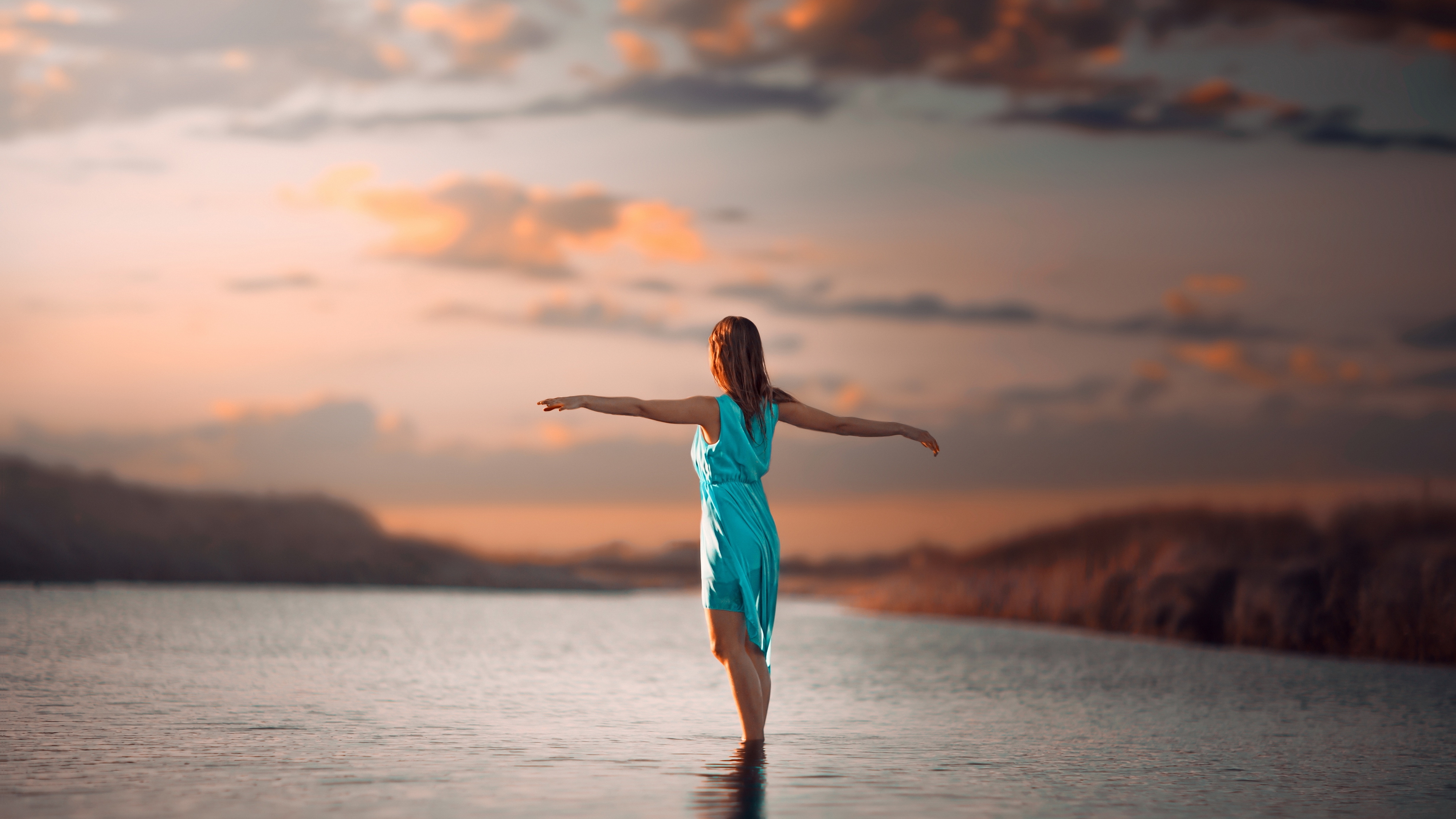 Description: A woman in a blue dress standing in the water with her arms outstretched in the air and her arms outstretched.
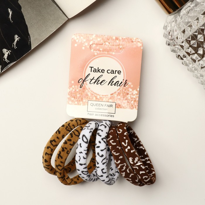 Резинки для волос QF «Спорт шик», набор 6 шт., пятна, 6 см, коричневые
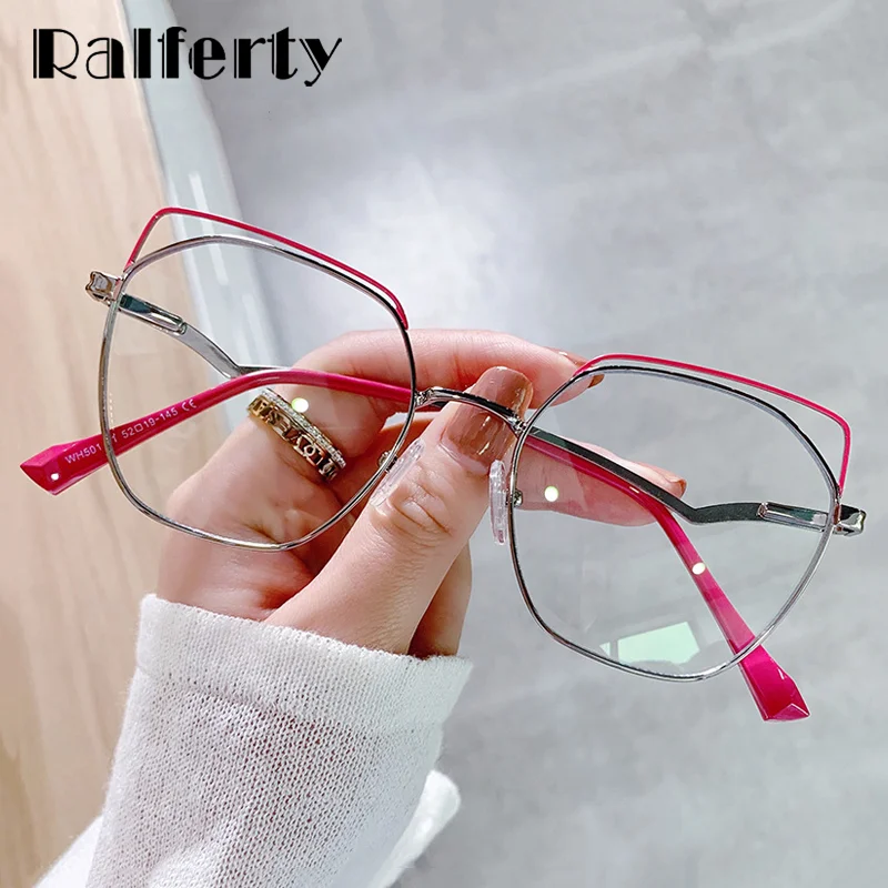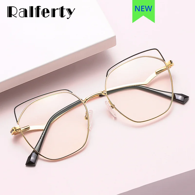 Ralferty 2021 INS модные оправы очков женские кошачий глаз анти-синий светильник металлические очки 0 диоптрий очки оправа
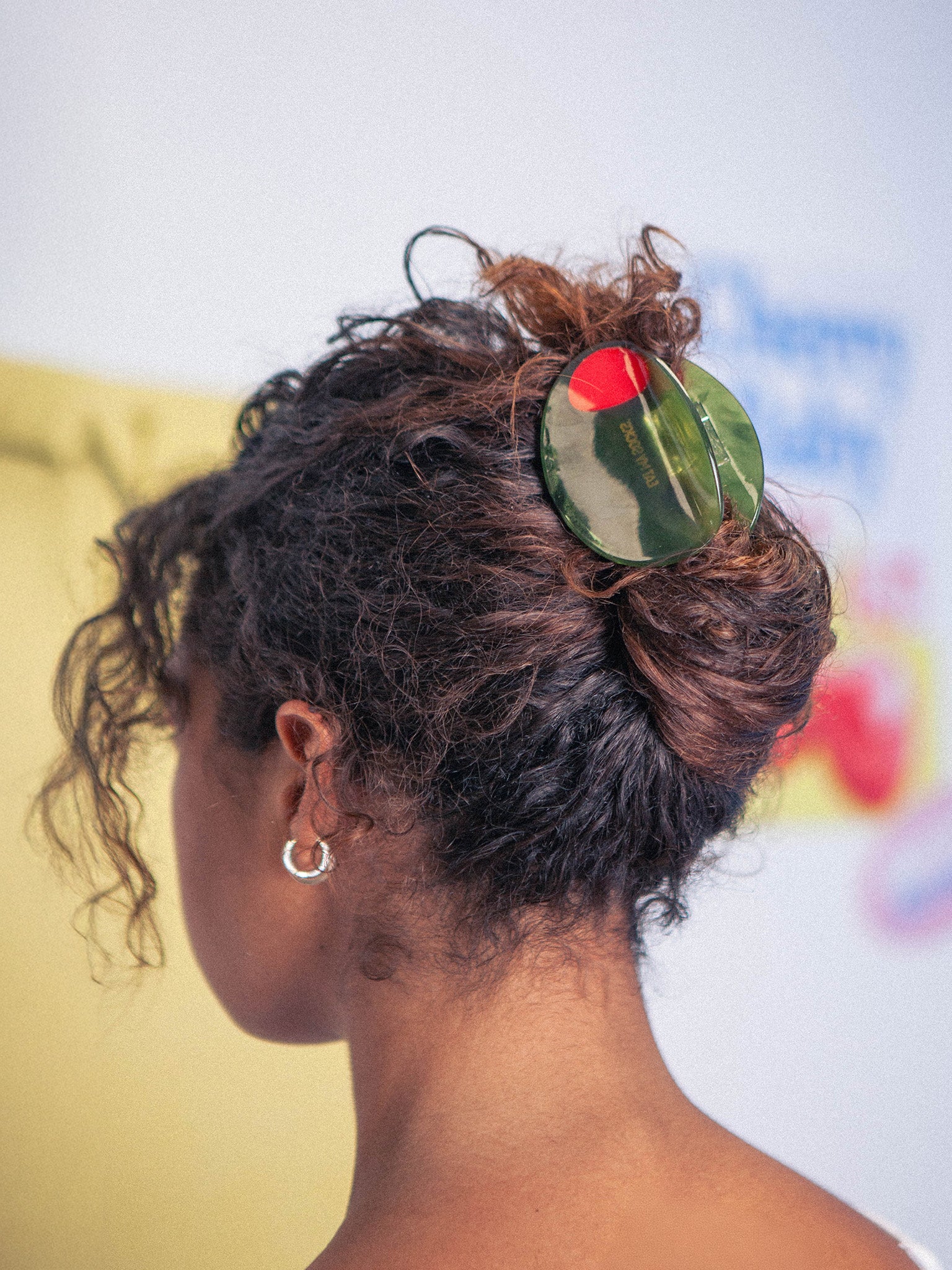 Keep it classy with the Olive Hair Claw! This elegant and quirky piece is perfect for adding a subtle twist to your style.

● ● ● ● ●

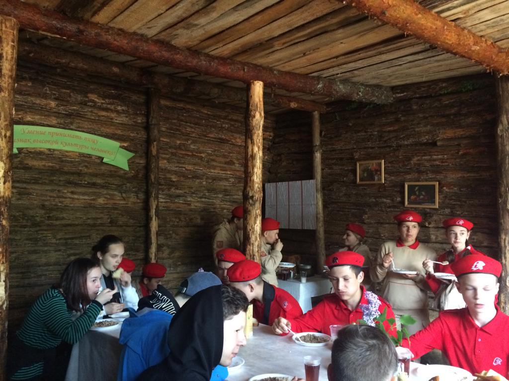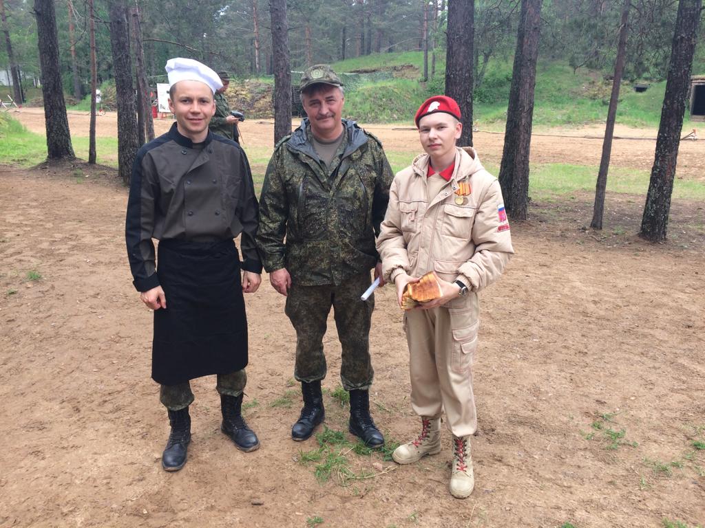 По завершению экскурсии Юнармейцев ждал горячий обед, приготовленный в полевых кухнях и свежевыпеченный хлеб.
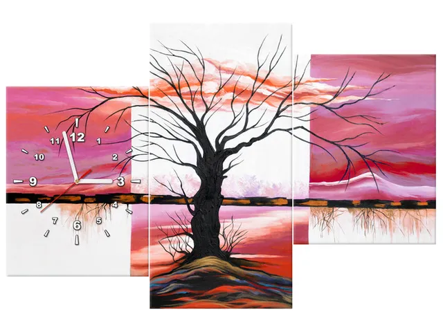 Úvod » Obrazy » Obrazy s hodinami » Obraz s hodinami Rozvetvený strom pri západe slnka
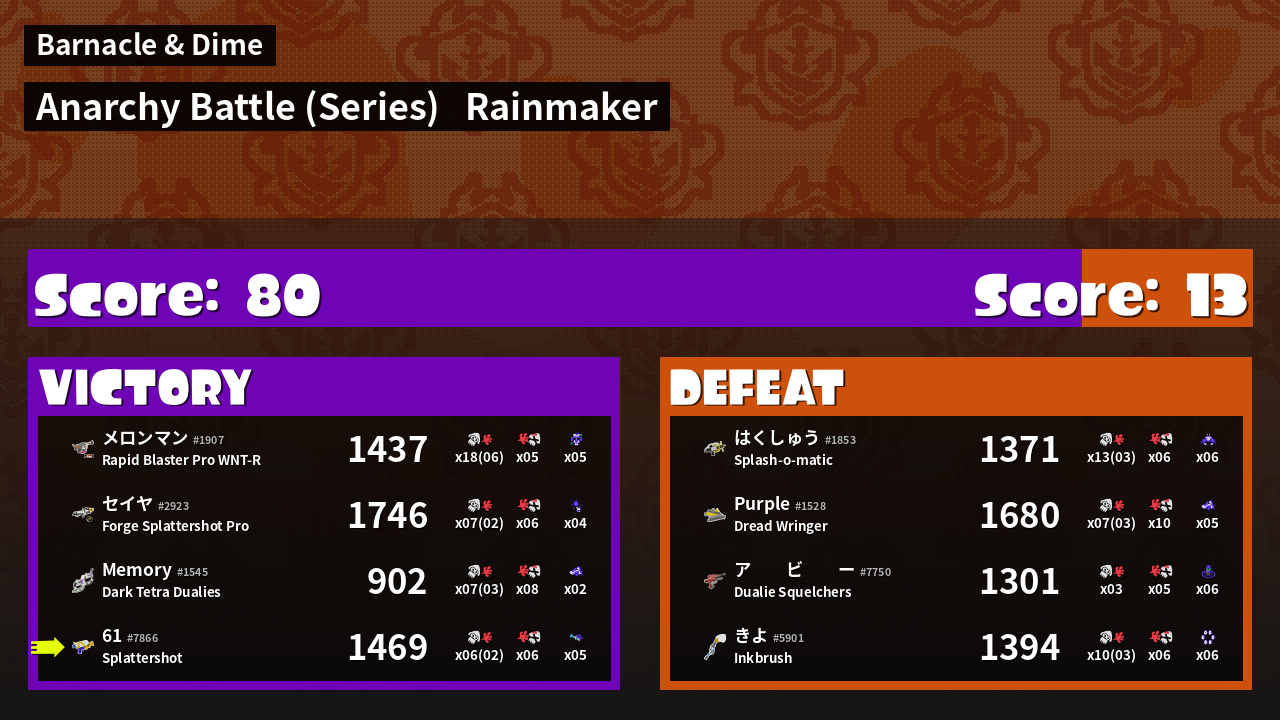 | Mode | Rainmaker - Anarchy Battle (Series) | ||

● ● ● ● ●

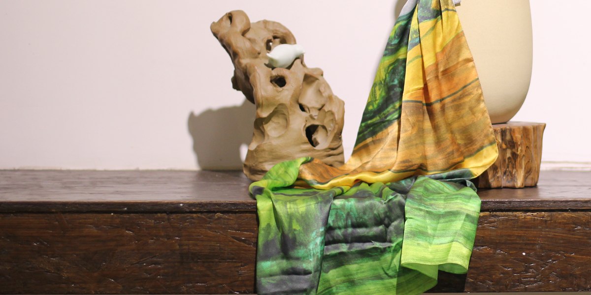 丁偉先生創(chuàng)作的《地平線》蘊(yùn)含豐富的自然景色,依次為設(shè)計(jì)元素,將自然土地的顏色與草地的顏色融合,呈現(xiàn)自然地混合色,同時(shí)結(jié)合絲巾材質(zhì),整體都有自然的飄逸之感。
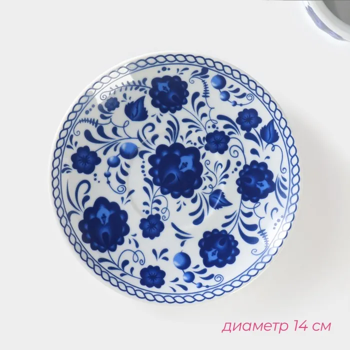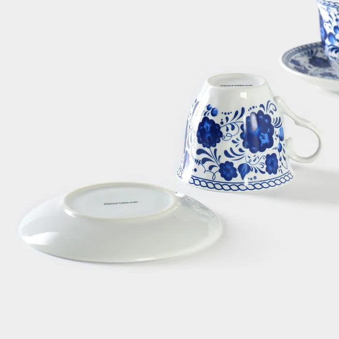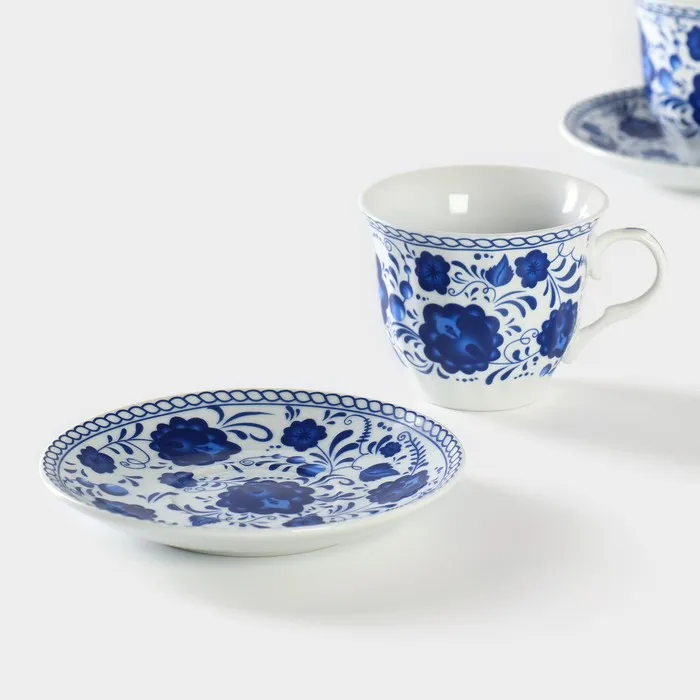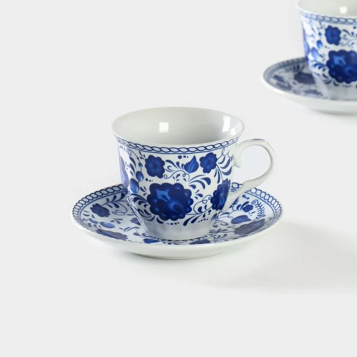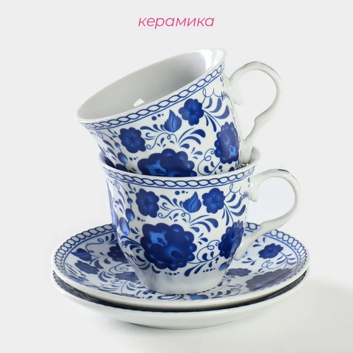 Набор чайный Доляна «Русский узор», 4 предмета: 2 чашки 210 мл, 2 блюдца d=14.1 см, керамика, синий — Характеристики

● ● ● ● ●

▶ [EXERCISE OBJECTIVE]: From the entries above, copy exactly the lines starting at the one with "По завершению экскурсии" and stopping at the one with "(Series) | ||", keeping both ends. Drop the pictures.

▶ [TASK ANSWER]:
 По завершению экскурсии Юнармейцев ждал горячий обед, приготовленный в полевых кухнях и свежевыпеченный хлеб.
 Úvod » Obrazy » Obrazy s hodinami » Obraz s hodinami Rozvetvený strom pri západe slnka
 | Mode | Rainmaker - Anarchy Battle (Series) | ||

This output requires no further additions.